▶ _PROBLEM_: Leave the pictures out. Return all other data exactly.

▶ _INFORMATION SHOWN_:
################

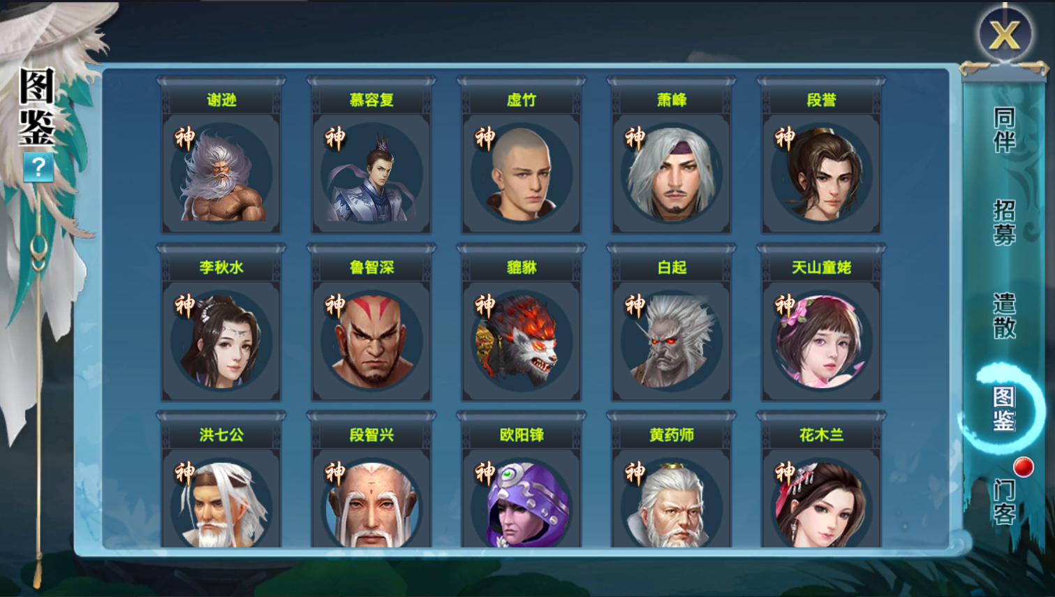2.添加【无崖子、天山童姥、白起、貔貅、鲁智深、李秋水、萧峰、段誉、慕容复、虚竹、谢逊、黄药师、欧阳锋、段智兴、洪七公】 15个神级同伴(本命武器与门客),并添加相应的组合属性,可入住家园
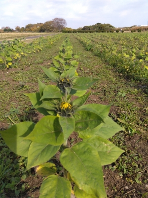 9月下旬に種をまいたひまわりが想定より遅れておりますが、
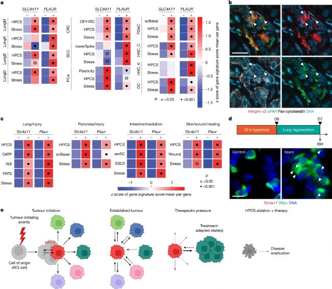 鑒于HPCS在LUAD中的關(guān)鍵作用,研究者推測HPCS可能反映了多種癌癥中共有的關(guān)鍵癌細(xì)胞狀態(tài)。研究者在結(jié)直腸癌、頭頸癌、肺腺癌、卵巢癌、胰腺導(dǎo)管腺癌、前列腺腺癌和皮膚鱗狀細(xì)胞癌的單細(xì)胞數(shù)據(jù)集中均確認(rèn)了HPCS特征的存在(圖5a)。在人類LUAD組織中,SLC4A11、PLAUR、HPCS特征與應(yīng)激程序同樣相關(guān)(圖5b)。而這一相關(guān)性同樣出現(xiàn)在小鼠的肺損傷后肺泡、胰腺、腸道和皮膚的損傷相關(guān)再生上皮中(圖5c-d),這一發(fā)現(xiàn)提示腫瘤可能通過“劫持”機(jī)體固有的再生與修復(fù)程序,獲得持續(xù)進(jìn)行細(xì)胞狀態(tài)轉(zhuǎn)換的能力,從而在治療壓力下不斷“進(jìn)化升級”,獲得長期生存優(yōu)勢。
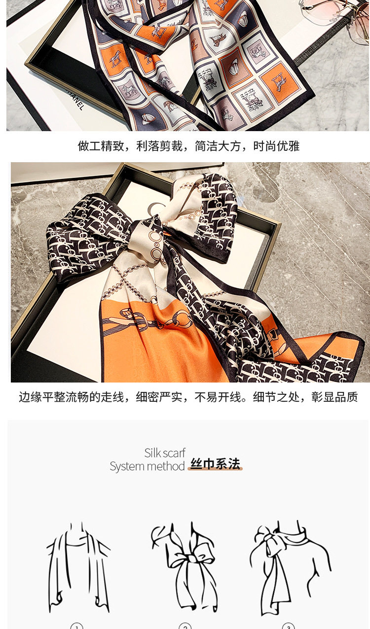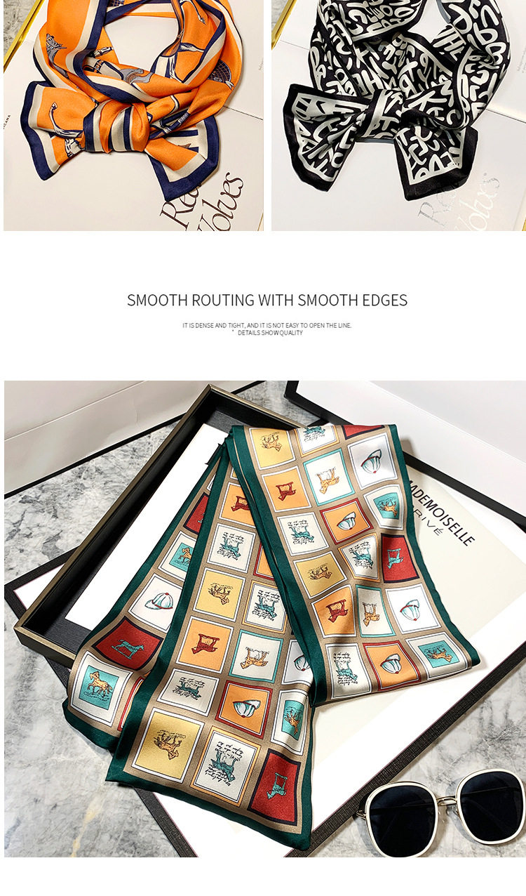 High-End Retro Orange French Ribbon Headband Silk Scarf Women's Small Long Silk Scarf Wholesale Professional Scarf Scarf

################

▶ _WRITTEN ANSWER_:
2.添加【无崖子、天山童姥、白起、貔貅、鲁智深、李秋水、萧峰、段誉、慕容复、虚竹、谢逊、黄药师、欧阳锋、段智兴、洪七公】 15个神级同伴(本命武器与门客),并添加相应的组合属性,可入住家园
 9月下旬に種をまいたひまわりが想定より遅れておりますが、
 鑒于HPCS在LUAD中的關(guān)鍵作用,研究者推測HPCS可能反映了多種癌癥中共有的關(guān)鍵癌細(xì)胞狀態(tài)。研究者在結(jié)直腸癌、頭頸癌、肺腺癌、卵巢癌、胰腺導(dǎo)管腺癌、前列腺腺癌和皮膚鱗狀細(xì)胞癌的單細(xì)胞數(shù)據(jù)集中均確認(rèn)了HPCS特征的存在(圖5a)。在人類LUAD組織中,SLC4A11、PLAUR、HPCS特征與應(yīng)激程序同樣相關(guān)(圖5b)。而這一相關(guān)性同樣出現(xiàn)在小鼠的肺損傷后肺泡、胰腺、腸道和皮膚的損傷相關(guān)再生上皮中(圖5c-d),這一發(fā)現(xiàn)提示腫瘤可能通過“劫持”機(jī)體固有的再生與修復(fù)程序,獲得持續(xù)進(jìn)行細(xì)胞狀態(tài)轉(zhuǎn)換的能力,從而在治療壓力下不斷“進(jìn)化升級”,獲得長期生存優(yōu)勢。
 High-End Retro Orange French Ribbon Headband Silk Scarf Women's Small Long Silk Scarf Wholesale Professional Scarf Scarf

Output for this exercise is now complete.